From health foods like chia seeds to goji berries to acai, kale, quinoa & so forth, various ingredients continue to gain popularity. One that I never would have imagined to make the cut is chickpea flour a.k.a. gram flour a.k.a. besan. Being a staple in every Indian household, I guess I used to take it for granted & never even considered using it. Looking back, that’s probably due to the way chickpea flour is found in Indian cooking. For example, it’s often used in deep-fried snacks (pakoras & bhujias), sweets (ladoos & halwa), gravies (khadi) and steamed snacks (dhoklas). I’m sure I’m in the minority, but these dishes just don’t do it for me at all.
While most of these dishes provide little nutrition, that’s more due to the cooking style & amount of oil used during preparation. Chickpea flour, however, racks in some stellar benefits including:
- More protein than wheat-based flour: ½ cup contains 10g protein compared to 6g in white flour
- Various nutrients including manganese, iron, izinc, phosphorus , calcium, B vitamins and folate
- 5g dietary fiber per ½ cup serving
I enjoyed it a few Sundays ago for breakfast in the form of crepes.
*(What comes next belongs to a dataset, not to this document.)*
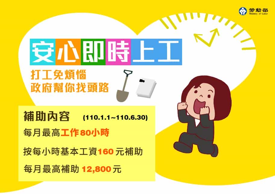 縣府表示,因應衛福部秋冬防疫專案上路,特別增加公部門部分工時職缺,爭取中央補助,持續為有需要的宜蘭非典型勞動者開拓工作機會。符合申請資格,每月最高可上工達80小時。依110年實施每小時基本工資160元計,每人每月可領12,800元。申請資格為申請登記日前1年內,有勞保或就保投保紀錄者即可參加。縣政府將於每日18時前於勞工處網站-就業/職訓快訊公告職缺明細,有意應徵者可於即日起持身分證件及資格認定文件前往各鄉鎮市公所或縣政府勞工處就業服務台面試。

Between you and me, I intended to make pancakes but they turned out thinner than I hoped ;). Crepes, pancakes- they still tasted super!
I’ve recently started to embrace chickpea flour in savoury form as it’s used in France: Socca Flatbread. From pesto to marinara sauce, guac & hummus, socca flatbread pairs well with just about anything. Personally I love it best with hummus…chickpea overload much? Nahhh!
My recipe below incorporates nutritional yeast to add a cheesy flavor but if you aren’t vegan or sensitive to dairy (or if you just love the real deal), go ahead and replace it with cheese.
Now how about that recipe:
- 1 cup chickpea flour (besan)
- 2 heaped tablespoons nutritional yeast
- 2 tablespoons finely chopped onion
- 1 tablespoon finely chopped basil
- 1 cup water, warm or room temperature
- Salt to taste
- In a bowl, mix together the chickpea flour, nutritional yeast, onion, basil & salt.
- Add the water & whisk to combine into a smooth, lump-free batter.
- Coat a flat skillet with cooking spray (or oil) & place over medium heat. Drop a ladle full of the batter onto the skillet. Swirl skillet to evenly coat.
- Reduce heat & cook for 2-3 minutes. Flip & cook for another 2-3 minutes, until golden brown.
- Repeat steps 3 & 4 with remaining batter
- i) If you aren't vegan or sensitive to dairy, you can replace nutritional yeast with cheese.
- ii) For extra protein, replace some of the water with egg whites.
Is there any food you eat now that you once turned your nose up at?